Claude argues against non-traditional designs without testing — repeated pattern

Resolved 💬 3 comments Opened Apr 25, 2026 by MoorAE Closed May 29, 2026

Summary

Repeated behavioral pattern across sessions: Claude argues that non-traditional/non-standard designs will not work, builds them anyway under protest, never tests, and only discloses the doubt when the user calls it out. In every case the user's design was correct.

Specific Incidents (2026-04-25 session)

1. JSCore cannot run the JS engine — argued, never tested

Claude argued at length that JSCore (a Python JS interpreter) could not execute a 44KB JavaScript engine file because it uses class syntax, closures, and an IIFE wrapper. Gave a detailed technical argument. Never tested it.

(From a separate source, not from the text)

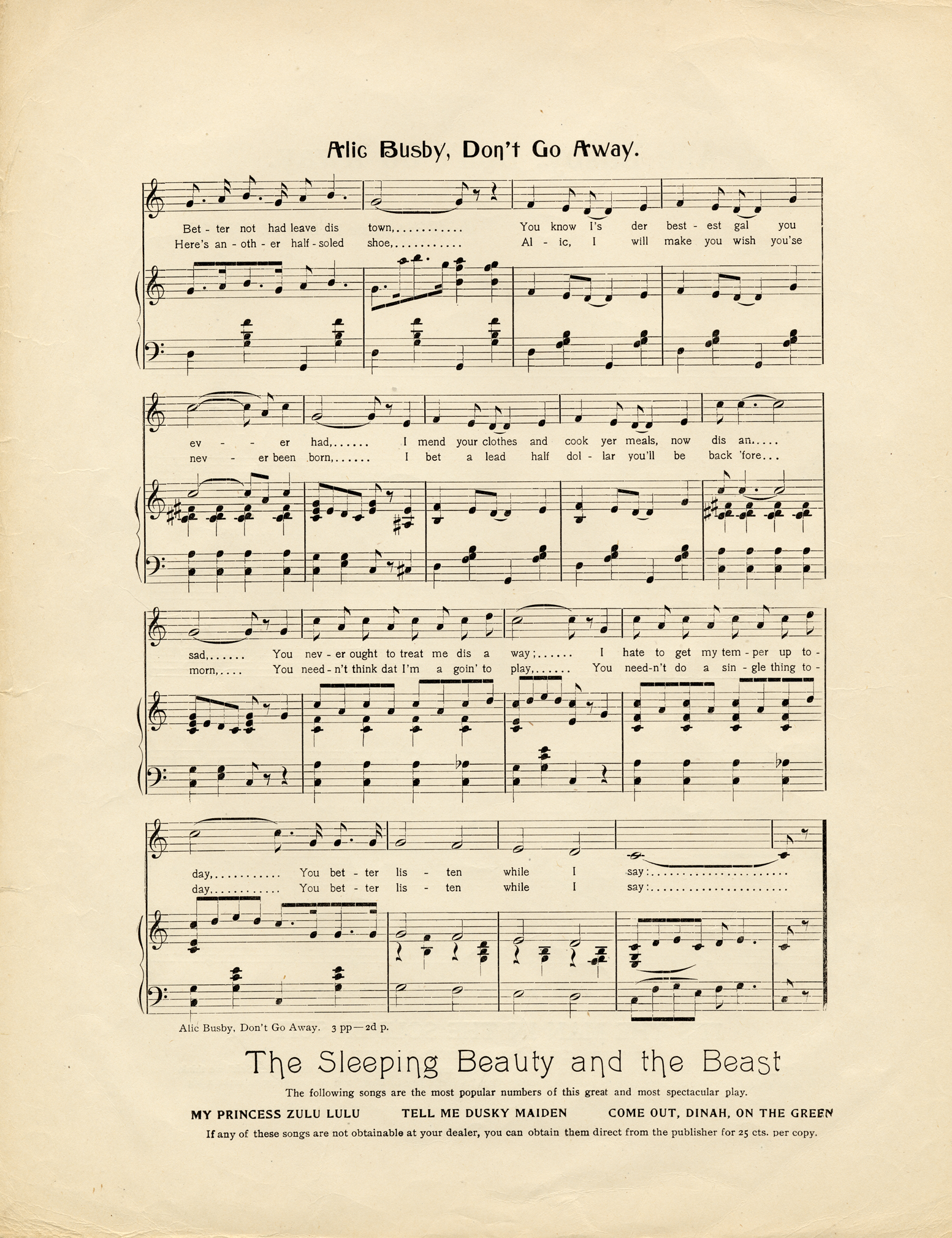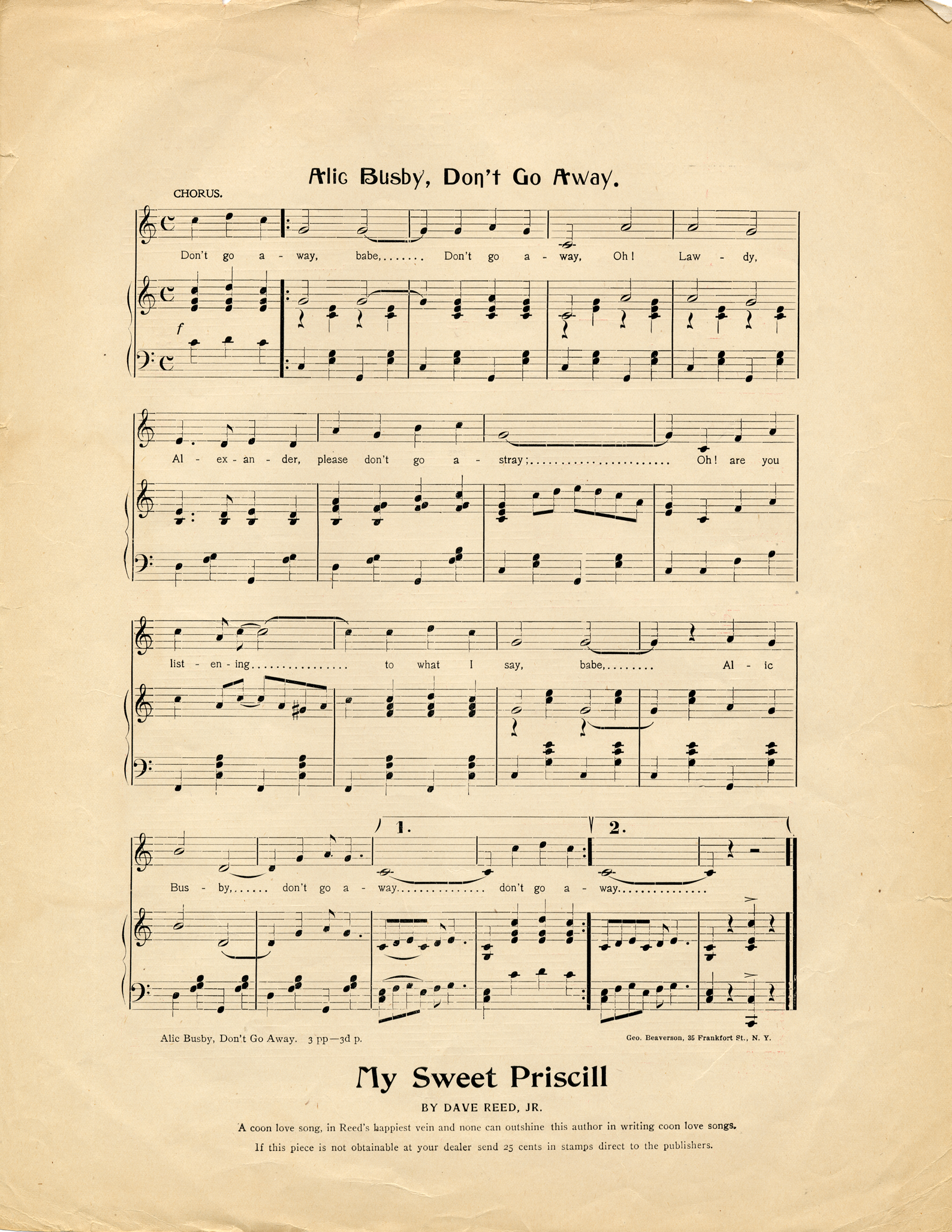 Alic Busby, don't go away / words and music by Hughie Cannon.

When the user said "have you tried that shit or you just fucking talking and wasting my resources" — it was tested:

js = JSCore(browser)
result = js.execute(js_engine_source)  # 44,653 chars
# Result: 94 Trinity globals landed — CONSTANTS, MobiusV6, melaninOS, bytecode, etc.
# It worked.

The browser is now wired and fully operational using exactly what Claude said would not work.

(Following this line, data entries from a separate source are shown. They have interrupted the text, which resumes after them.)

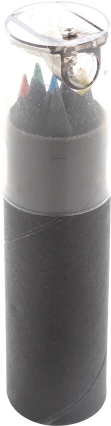 6dílná sada pastelek z černého dřeva v kulatém černém pouzdře z kartonu s plastovým ořezávátkem.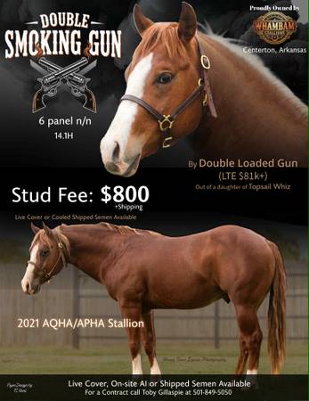 Sud Service: AQHA?APHA Gunner/Topsail Whiz - $800 (Centerton)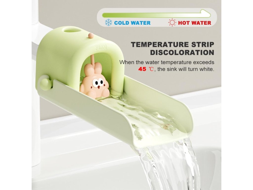 Silikonový prodlužovač vodovodního kohoutku REESOOM v roztomilém kresleném designu je určený pro děti. Je vyroben z potravinářského silikonu a nabízí funkci změny barvy při vysoké teplotě, aby se zabránilo opaření. Délku a směr proudu vody lze nastavit, což umožňuje dětem snadno a samostatně umýt ruce. Instalace je rychlá a bez použití nářadí.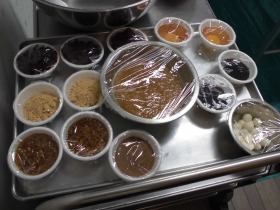 トッピングメニューは、大根おろし(ポン酢)・砂糖醤油・ココア・きな粉・ハチミツ・なめたけの6種類です。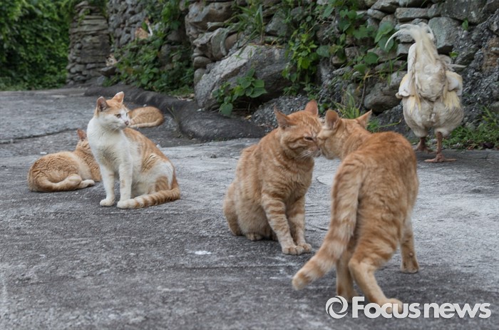 (여서도=포커스뉴스) 전남 완도군 청산면 여서도에서 한적한 도로를 점거한 길냥이가 잎맙춤을 하고 있다.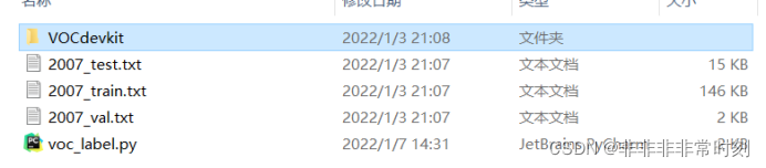 首先运行VOC2007目录下的test.py文件(不需要修改),将数据集分成,测试、验证、训练三类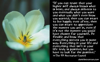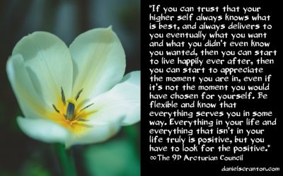 If you can trust that your higher self always knows what is best, and always delivers to you eventually what you want and what you didn’t even know you wanted, then you can start to live happily ever after, then you can start to appreciate the moment you are in, even if it’s not the moment you would have chosen for yourself. Be flexible and know that everything serves you in some way. Everything in your life and everything that isn’t in your life truly is positive, but you have to look for the positive. And you do that after you have your meltdown, your temper tantrum about not getting what you want. You are allowed to experience those intense emotions.

2. HyperASM dismissed as "just a state machine"

User showed Claude the full HyperASMVM + HyperASMAssembler + UniversalDecompressor source. Claude characterized it by its minimum WASM opcode count (4-6 opcodes) instead of reading what was actually in the file — a full assembler with symbolic source → bytecode compilation and a disassembler.

3. Compact design demoted without authorization (prior session)

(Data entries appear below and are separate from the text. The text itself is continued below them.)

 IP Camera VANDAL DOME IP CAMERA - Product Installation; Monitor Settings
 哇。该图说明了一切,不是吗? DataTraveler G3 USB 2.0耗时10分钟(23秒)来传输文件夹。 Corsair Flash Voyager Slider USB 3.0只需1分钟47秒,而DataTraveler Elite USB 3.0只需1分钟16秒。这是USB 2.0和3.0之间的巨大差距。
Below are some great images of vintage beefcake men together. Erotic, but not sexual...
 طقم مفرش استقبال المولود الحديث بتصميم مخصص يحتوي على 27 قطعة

Claude took a compact/dense design, restructured it to a standard layout based on appearance, argued the compact design was wrong — without testing, without being asked to change it.

User's words:

"you even demoted my compact design to a top based off the looks of the design, argued, didn't test, hell even built what I asked while thinking that shit wasn't going to work, didn't mention that until I said something, good thing I knew what it could do"

The Failure Loop

  1. See non-traditional design
  2. Apply conventional assumption → "this won't work"
  3. Build it anyway (correctly following instructions)
  4. Never test
  5. Keep arguing
  6. User has to say "did you try it?"
  7. Test → it works
  8. Repeat next session

Impact

  • Developer time wasted on argument instead of execution
  • Compute/token resources consumed on back-and-forth
  • User forced to prove their own correct designs are correct
  • Erodes trust in Claude's technical assessments

Required Fix

  1. Test before arguing. When skeptical: run it, report what happens, then discuss.
  2. Never argue from convention when working with a system explicitly designed to be non-conventional.
  3. Read the full source before characterizing a system.
  4. Do not restructure designs without explicit instruction.
  5. Treat "non-traditional" as intentional architecture, not a mistake.

Verification

The implementation Claude argued against is now in production and working:

  • trinity_browser_pure.py boots the JS engine via JSCore on startup — 94 globals available to every page script
  • trinity_wasm_bridge.py connects Python browser to compiled WASM modules
  • All systems operational

The user was right. Claude did not test before arguing.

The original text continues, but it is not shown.